Al tener que practicarse la autopsia, el
funeral corpore
insepulto y el entierro se anunciarán
oportunamente. Instruye las diligencias el Juzgado de Instrucción nº 2 de esta
capital.
***
Los pasos
siguientes de la instrucción criminal no figuran –como es lógico- en los
dietarios del doctor del A., que no intervino en el caso hasta un momento muy
ulterior. Con todo, y a pesar de los largos años transcurridos, las hemerotecas
y los recuerdos de segunda generación
me han permitido llenar el vacío, hasta que podamos ceder el uso de la palabra
–recte, de la pluma- a nuestro amigo
psiquiatra. He aquí los datos y detalles más gruesos del caso, precisos para
hacerse una cumplida noción del mismo, así en lo jurídico, como en lo
sentimental.
No le faltaba razón
al Diario, al suponer que la muerte
había sido violenta. Don Isidoro, trompetista de unos cuarenta años de edad,
había fallecido asfixiado, al serle destrozado el hioides y la parte alta de la
laringe, clavándole profundamente una caña como de veinte centímetros de
longitud. Deducían los investigadores que había contribuido al rápido ahogo la
hemorragia interna que se produjo, la cual apenas había permitido al músico
llegar hasta la puerta del improvisado dormitorio –en consecuencia, no había
sido hallado sobre la cama turca, sino decúbito supino, en el suelo-. La
destrucción de parte del aparato fonador le había impedido igualmente gritar
para pedir auxilio.
En cuanto a las
huellas de violencia en la casa –aislada de otras viviendas por una extensa huerta,
cerrada de alambre y seto vivo- consistían en algunos muebles ligeros
derribados, cajones vaciados alocadamente y la chaqueta del finado con los
bolsos vueltos del revés. A parte de la
billetera con su contenido y de la trompeta de plata dorada, no he echado nada
más a faltar, declaró la viuda.
La autopsia no
arrojó otros datos adicionales dignos de mención, como no fueran la
inexistencia de huellas físicas de resistencia o de lucha –lo que abonaba la
suposición de que el difunto hubiese sido sorprendido durante el sueño- y el
momento probable de la muerte, las cinco de la tarde anterior al hallazgo del
cadáver.
***
Dicen las malas
lenguas que los médicos rutinarios no buscan otros males o síntomas, que
aquellos que de mano esperan encontrar. Valga este exordio para expresar que,
si los forenses hubieran tomado muestras del contenido gástrico, habrían
hallado entre él un decilitro de láudano de Sydenham[1], suficiente para inducir
un sueño soporoso, bastante más profundo que el de una siesta de finales de
verano.
Si los galenos
actuaron un tanto a la ligera –incluso para aquella época, ya lejana- los
policías no se dejaron embaucar por las apariencias de robo. Ignoro los motivos
de su suspicacia. El conocido semanario de sucesos El Crimen apuntaba la
falta de profesionalidad en la busca del botín por parte de los ladrones, así
como la circunstancia de que no se hubiera empleado fuerza para abrir la puerta
de entrada. Un hijo del inspector Liceras, que intervino en la investigación,
me confesó mucho tiempo después:
-
Lo
que más extrañó a mi padre fue el arma mortal: ¡Mira que una caña seca,
aplicada prácticamente en el único lugar del cuerpo en que podía ser letal!

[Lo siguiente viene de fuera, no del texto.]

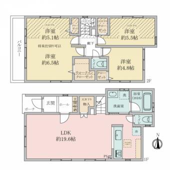 | 土地面積 | 127.87m2(38.6坪) 登記簿 別途私道負担0.54m2 | 建物延面積 | 95.01m2 |
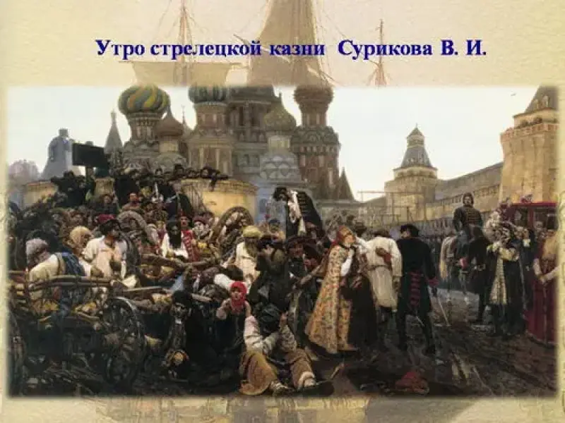Обратимся к картине Сурикова "Утро стрелецкой казни" Что сближает картину Сурикова и страницы романа, изображающие стрелецкие казни и поведение Петра?

Tenía algo de caprichoso, de personalísimo..., de crimen ritual.
-
¡Atiza!
¿Es que no había cañas por las inmediaciones?
-
Por
supuesto. Ya sabes que el río pasa por allí cerca y hay zonas de carrizo. Pero
aquella caña, tan bien tallada, con el borde tan afilado... En fin, que mi
padre suplicó al comisario que la hiciese analizar en el Laboratorio Central de
Madrid. Y allí dieron con el dato que, a la postre, resultaría clave: La planta
correspondía a una subespecie que no se da por estas tierras, sino en la zona
mediterránea, particularmente en el delta del Ródano.
Está visto que mi
informador estaba empeñado en ponderar con exceso la intuición de su padre.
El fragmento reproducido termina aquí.